Israel Killed More than 100 Members of My Family. President Biden Must Demand a Ceasefire To End Israel’s Genocide in Gaza

Left to right: 10-year-old Ali, 12-year-old Mahmoud holding 2-year-old Waleed, and 8-year-old Dana, are among the author’s relatives killed by the Israeli military in Gaza.

By Adam Abosheriah

On January 26, the International Court of Justice issued a landmark ruling in favor of the government of South Africa, which had filed a petition accusing Israel of committing genocide against Palestinians in Gaza. I was gratified as I read the decision, calling on Israel to take all measures to avoid killing civilians in Gaza and to prevent and punish incitement to commit genocide by Israeli officials..

The ICJ decision will hopefully save lives and help end the catastrophic humanitarian crisis caused by Israel’s cutting off food, water, and other humanitarian aid. But it can only end the killing and the suffering of the 2.3 million Palestinians trapped in Gaza under one of the deadliest bombing campaigns in history if President Biden heeds its conclusions and calls for an immediate ceasefire.

The court’s decision came too late to have any chance of saving the lives of 104 members of my family who were killed by Israeli airstrikes in November. It was the middle of the night. My parents, brother, nieces and nephews were in our family home in Gaza City, along with other relatives who had been driven from their homes further north and were sheltering there. My cousin Fathi’s home was attacked first. Then, as my brother, cousins and other family members rushed to Fathi’s house to rescue the injured, the Israeli military bombed the house again, killing all the survivors and those attempting to rescue, and carpet bombing nine other homes of my relatives.

My cousin in the US alerted me by phone. I immediately tried calling my parents, but communications were severed. It took me nearly 12 excruciating hours to find out who was killed, wounded, had managed to escape, had been pulled from the rubble and survived.

Dozens of my family members’ bodies remain underneath rubble, including my parents and brother. My 83-year old father was the salt of the earth. A man who loved life, peace, his family, nature, and most of all, his grandchildren. My cousin Yaser, like a brother to me, along with his wife, six children, and two grandchildren. I think about them continuously, my pain magnified because I can’t give them a proper burial.

It’s more than two months since over 100 relatives were wiped out by Israeli bombs, and Israel’s relentless assault on Palestinians in Gaza has surpassed 100 days. More than 26,000 people have been killed by the Israeli military, most of them women and children, and 65,000 others wounded. Nearly 8,000 more are missing, or buried under rubble. 1.7 million people–75% of the population of Gaza Strip–have been driven from their homes. The overcrowding and lack of adequate sanitation in shelters for displaced people, coupled with Israel’s refusal to permit more than a trickle of the necessities of life such as food, clean water, medical supplies, and fuel to enter Gaza, means that hundreds of thousands more are at risk of death from deliberately-imposed starvation, disease, or, for those forced into the squalid tent cities on beaches in southern Gaza, exposure from winter cold and rain. The World Health Organization reports alarming rates of acute respiratory infections, diarrhea, scabies and lice.

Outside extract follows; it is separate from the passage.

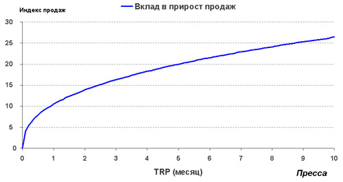 Построенные по данной эконометрической модели кривые отклика позволяют предполагать прессу как наиболее эффективный канал коммуникации, несмотря на достаточно ограниченные рекламные инвестиции.

This is all happening in the context of 56 years of brutal Israeli military occupation, 16 years of a suffocating, illegal Israeli siege and blockade of Gaza, and 75 years of a racist Israeli system of oppression of Palestinians that human rights groups say amounts to apartheid. These are the root cause of all the violence in Palestine/Israel.

I appreciate South Africa’s brave moral stance in bringing their case against Israel to the ICJ. President Biden, on the other hand, has unconditionally supported Israel’s merciless assault since day one, despite his admission that Israel has been engaged in “indiscriminate” bombing of Gaza — a serious war crime. President Biden could pick up the phone and demand that Israel implement an immediate ceasefire. Instead, he continues to send Israel’s far-right government weapons and money, even bypassing Congress to do so.

President Biden’s support for Israel’s attack on Gaza is out of step with the views of Americans, a majority of whom support a ceasefire. He should listen to his constituents and end his administration’s complicity in Israel’s war crimes in Gaza, and do all that is in its power to bring about a permanent ceasefire.

Adam Abosheriah is a Palestinian-American pharmacist from Gaza living in Springfield, New Jersey.